A distributed database designed for write-heavy, high-availability workloads with simple query patterns. The canonical example is Apache Cassandra.

Key characteristics:

  • Columns vary from row to row — no NULLs for missing columns, rows only store what they have
  • Schema-flexible — different rows in the same table can have different columns
  • Distributed by design — data spread across a cluster via consistent hashing
  • Tunable consistency — choose between speed and correctness per query

Why Not Just Use Postgres?

At massive write scale, relational databases hit a wall:

Postgres (OLTP) Cassandra
Single primary for writes Any node accepts writes
Locks for consistency No locks — append-only (LSM-based)
Foreign key checks on INSERT No referential integrity checks
ACID transactions Eventual consistency (tunable)
Vertical scaling Horizontal scaling — add nodes

Postgres bottleneck: Every write must acquire locks, check constraints, update indexes, write WAL — all on one machine. At millions of writes/sec, the single primary falls over.

Cassandra's tradeoff: Give up JOINs, aggregations, and referential integrity → get blazing fast distributed writes and high availability.
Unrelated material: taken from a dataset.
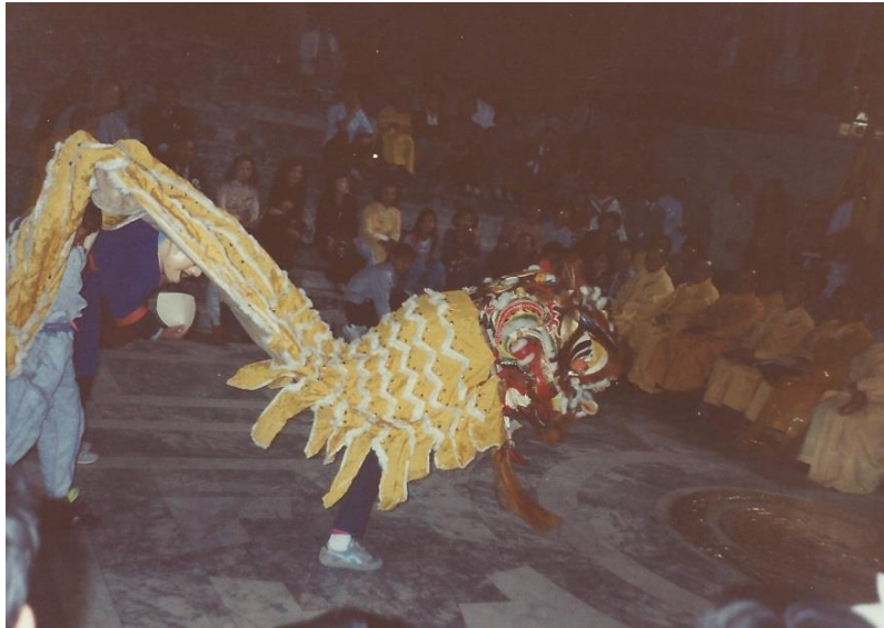
Đại Hội Tổng Hội Phật Giáo Việt Nam tại Đại Sảnh Olympia, Washington

Flexible Schema — No Wasted NULLs

In Postgres, every row has every column (NULLs for missing ones):

| user_id | name  | email       | phone | twitter | github |
|---------|-------|-------------|-------|---------|--------|
| 1       | Alice | a@mail.com  | NULL  | NULL    | NULL   |
| 2       | Bob   | NULL        | 555.. | @bob    | NULL   |

In Cassandra, rows only store columns they actually have — no NULL, no placeholder:

Row "user-1":  { name: "Alice", email: "a@mail.com" }
Row "user-2":  { name: "Bob", phone: "555...", twitter: "@bob" }

Great for heterogeneous data like log entries, user preferences, IoT sensor readings.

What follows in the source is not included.